The program started on Oct. 4, 2011 and, in April, was expanded to include SeaTac. In all, the TSA Pre✓™ (pronounced Pre-Check) program is being tested at 28 airports airports in the U.S.
According to TSA's web site, Customs and Border Protection has partnered with TSA on this Department of Homeland Security initiative, which is designed to help TSA focus resources on higher-risk and unknown passengers while expediting the process for lower-risk and known passengers whenever possible.
How it works
Only those travelers who are members of the Nexus, Global Entry and Sentri expedited border-crossing programs run by U.S. Customs and Border Protection, as well as those invited by partner airlines, are eligible for the pilot program.

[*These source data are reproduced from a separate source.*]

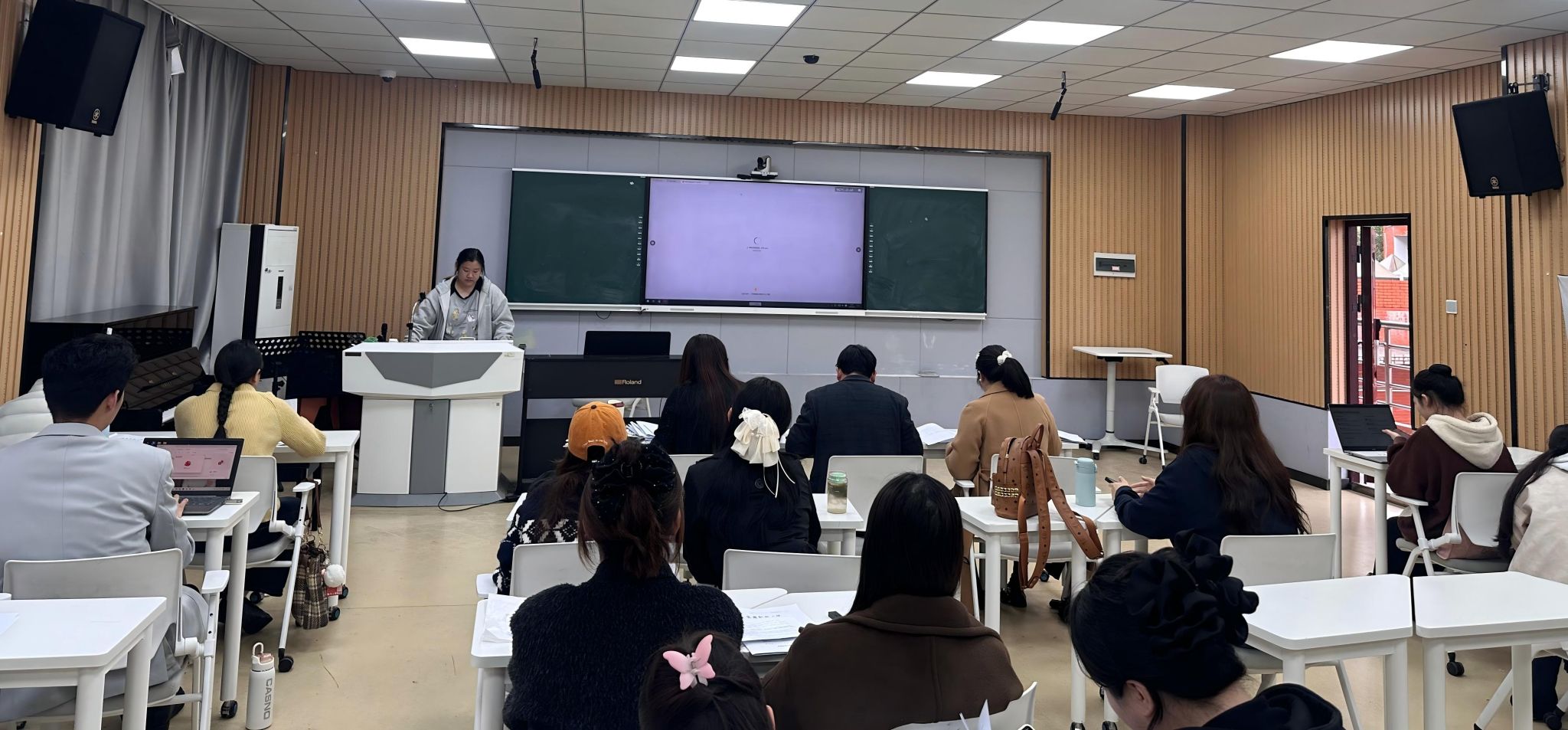 智慧教室顺利举行。副院长彭传山、副院长高艳、教务处创新产业办公室朱梦钰老师担任本次评审评委。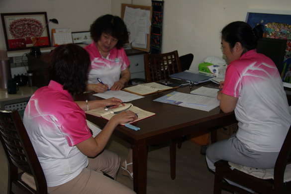 徐园长在和徐主任、王主任研讨新学期的工作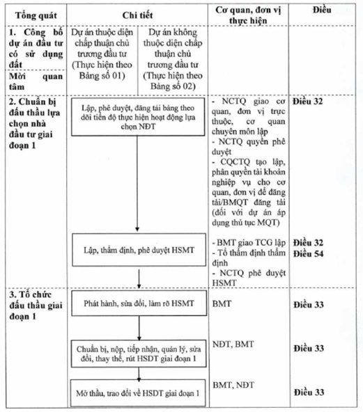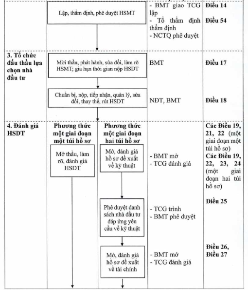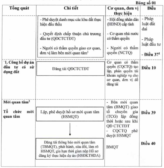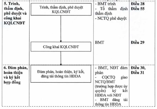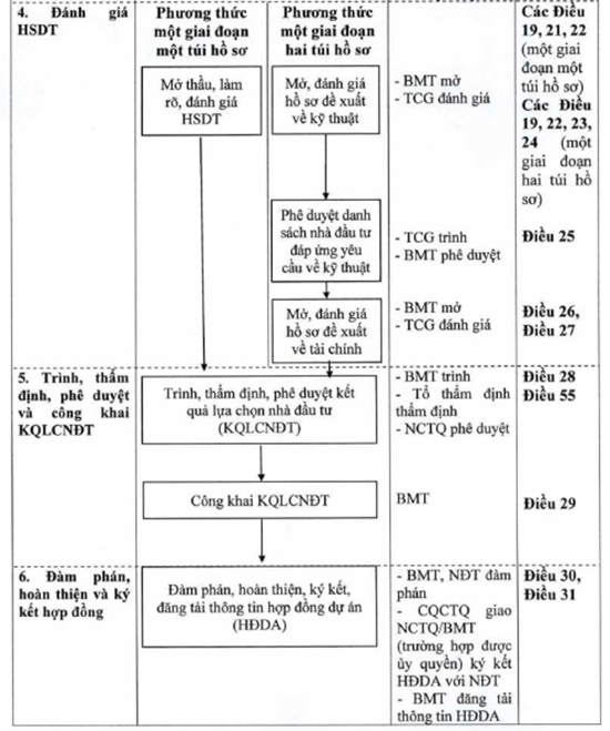 - Cột [2], [3]: Thời gian dự kiến cho các hoạt động lựa chọn nhà đầu tư được liệt kê tại các cột này.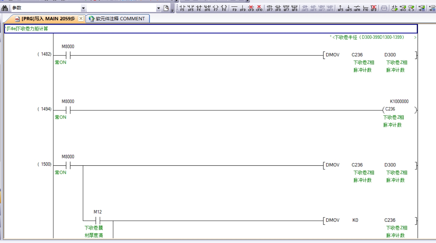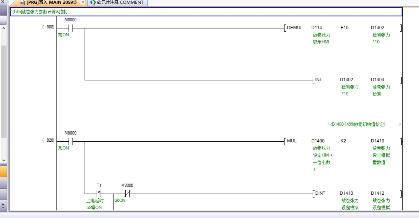 在PLC上电的瞬间(M8002为上电脉冲),我们将用于存储张力设定值的寄存器D0和存储当前张力值的寄存器D1清零,为后续的运行做好准备。

Some passengers could qualify for expedited screening through U.S. airport security checkpoints via designated screening lanes. Additional potential benefits may include:
- Keeping shoes on
- Keeping 3-1-1 compliant bag in carry-on
- Leaving laptop in bag
- Leaving on light outerwear/jacket
- Leaving belt on
In the pilot program, expedited clearance is on a per-flight basis and at SeaTac is limited to Alaska Airlines. Travelers who are pre-qualified will find out they're eligible to use the special lane after they've checked in at the airport and a TSA agent has scanned a bar code on their boarding passes.
Travelers can apply for the Nexus, Global Entry and Sentri programs via links on TSA's web site and, if approved, will be eligible for the pilot program. Those who don't want to pay the $100 non-refundable application fee for Global Entry or go through the application process will have to wait until the TSA Pre✓™ program is rolled out nationally.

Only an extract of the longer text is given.